In 1972, American Bobby Fischer defeated Russian Boris Spassky for the world chess championship.

In 1983, a Korean Air Lines Boeing 747 strayed into Soviet air space and was shot down by a Soviet jet fighter. All 269 people aboard died.

In 1985, scientists found the wreck of the British luxury liner Titanic, sunk by an iceberg in 1912, in the Atlantic Ocean south of Newfoundland.

In 1990, three planes left Iraq with about 500 Western and Japanese women and children in the first airlift, four days after Saddam Hussein's pledge to begin releasing some of his so-called guests.

In 1991, U.S. President George H.W. Bush established diplomatic relations with Latvia, Lithuania and Estonia.

In 1996, the United Nations suspended the permission it gave Iraq to sell oil after Iraq took over the unofficial Kurdish capital city in violation of the cease-fire terms of the Gulf War.

In 2003, Libya agreed to compensate relatives of the 170 people killed in the 1989 bombing of a French airliner over the Sahara.

In 2004, a heavily armed band of 31 Chechen terrorists seized a school in Belstan in southern Russia, taking hundreds of hostages.

In 2006, a fiery airport crash of a Russian-made Tupolev 154 airliner in Mashland, Iran, left 29 people dead but 148 passengers survived.

In 2007, Russia was set to expand testing of new warheads for intercontinental ballistic missiles. That word came amid growing tensions about a U.S. plan to deploy elements of its global anti-ballistic missile defense system in Central Europe.

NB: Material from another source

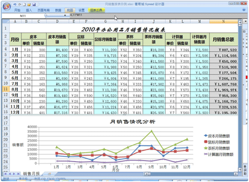 Spread控件是由与滚动条相结合共同来显示数据的表单组成。如果有多个表单,一个标签条里可以有多个标签。 下面的图片显示了Spread控件的主体部分。其中的多个部分可以被隐藏,但这里展示了默认的显示。

In 2008, Hurricane Gustav slammed into Louisiana southwest of New Orleans as a Category 2 storm, packing winds of 110 mph and heavy rain and forcing evacuation of about 2 million people. But, New Orleans' levee system, strengthened since 2005's Hurricane Katrina devastated the area, held against a 12-foot storm surge.

Also in 2008, the United States transferred responsibility for security of the once-troubled province of Anbar, known as a center for Sunni insurgency, to the Iraqi military and police. More than 1,000 members of the U.S. military died there during the war.

And, Japanese Prime Minister Yasuo Fukuda, in office barely a year, announced he would resign. Critics in Parliament accused him of mismanagement of domestic issues.

In 2009, leaders of the southern Afghan tribe of Bariz accused President Hamid Karzai and his aides of vote forgery and ballot box-stuffing in the recent election.

In 2010, Israel would be willing to consider dividing Jerusalem if it meant peace with the Palestinians, Israeli Defense Minister Ehud Barak said in an interview.

In 2011, embattled Libyan leader Moammar Gadhafi, believed to be holed up in a desert stronghold after his forces were beaten in Tripoli, said in a television interview he was prepared for a "long drawn-out war" and proclaimed, "Let Libya burn."

Also in 2011, Turkish officials said they were cutting diplomatic ties with Israel following the leak of a U.N. report on Israel's 2010 attack on a Gaza-bound ship.

A thought for the day: Edward Bellamy wrote, "An American credit card ... is just as good in Europe as American gold used to be."